Although they are considered one of the most powerful substances in the world, using them to their full potential has proven to be a difficult task. Thinner than even the thinnest onion skin paper, 2D materials have received a lot of attention due to their excellent mechanical properties. However, these properties disappear when materials are layered, thus limiting their practical application.

“Think of a graphite pencil,” says Teng Li, a professor in the Department of Mechanical Engineering at the University of Maryland (UMD). “The core is made of graphite, and graphite consists of many layers of graphene, which is considered the strongest material in the world. But the graphite pencil is not strong at all – in fact, graphite is even used as a lubricant.”

Now, Lee and colleagues at Rice University and the University of Houston have found a way to circumvent this hurdle by carefully tuning the molecular structure of two-dimensional polymers known as covalent organic frameworks (COFs). The findings are detailed in a new published study. Proceedings of the National Academy of Sciences.

“This is a very exciting starting point,” said Jun Lu, professor of materials science and nanoengineering at Rice University, who led the Rice team.

Using modeling at the molecular level, the researchers studied different functional groups, i.e. the arrangement of molecular elements, and then designed two COFs with minimal differences in structure. They then examined how COFs behaved when they were layered. It turns out that small structural differences lead to significantly different results.

The first COF, like most 2D materials, showed only weak interactions between layers, and both strength and flexibility were lost as new layers were added. Rice University postdoctoral researcher Qiyi Fang, one of the lead authors of the PNAS paper, said another COF “which shows strong interlayer interaction and retains its good mechanical properties even after multiple layers have been added.”

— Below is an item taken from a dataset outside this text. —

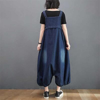 サロペット パンツ オールインワン レディース パンツドレス デニム パンツ オーバーオール デニム サロペットパンツ 無地 体型カバー 着痩せ ロング丈 カジュアル ゆったり 重ね着 レイヤード き

According to the researchers, this phenomenon is most likely related to hydrogen bonding. “Through our simulations, we found that the strong interlayer interactions in the second type of COF are the result of the significantly enhanced hydrogen bonding between their specific functional groups,” said lead author Zhengqian Pang, a UMD postdoctoral fellow and Li’s fellow. research group.

Applying their findings, the research team created a lightweight material that is not only several times stronger than steel but also retains its 2D properties even when stacked in multiple layers.

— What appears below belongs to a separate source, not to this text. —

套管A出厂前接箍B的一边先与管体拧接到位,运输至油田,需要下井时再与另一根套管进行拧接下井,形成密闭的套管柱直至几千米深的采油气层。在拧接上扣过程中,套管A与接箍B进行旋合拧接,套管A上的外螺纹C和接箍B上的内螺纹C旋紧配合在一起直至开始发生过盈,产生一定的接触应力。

There are many potential applications. “COFs can make excellent filtration membranes,” said Lu of Rice. “For a filtration system, the structure of the functional group in the pore will be very important. For example, since you have polluted water passing through a COF membrane, the functional group in the pore will only trap the impurities and allow the desired molecule to pass through. In this process, the mechanical integrity of this membrane will be very important. Now, “We have found a way to develop very strong, very resistant to fracture, multilayered 2D polymers that would be very good candidates for membrane filtration applications.”

“Another potential application is in battery upgrades: replacing the graphite anode with a silicon one will significantly increase the capacity of today’s lithium-ion batteries,” he said.

According to Li, the research findings could lead to advances in the development of a wide variety of materials, including ceramics and metals. For example, ceramics depend on ionic bonds formed at very high temperatures, so a broken coffee cup cannot be easily repaired. Metals also require forging at high temperatures. Thanks to the molecular tweaks that the researchers are working on, such products could probably be produced and repaired without increasing the heat.

“While the immediate context is 2D materials, overall, we are pioneering ways to reap the benefits of materials without the limitations that these materials offer,” Lee said.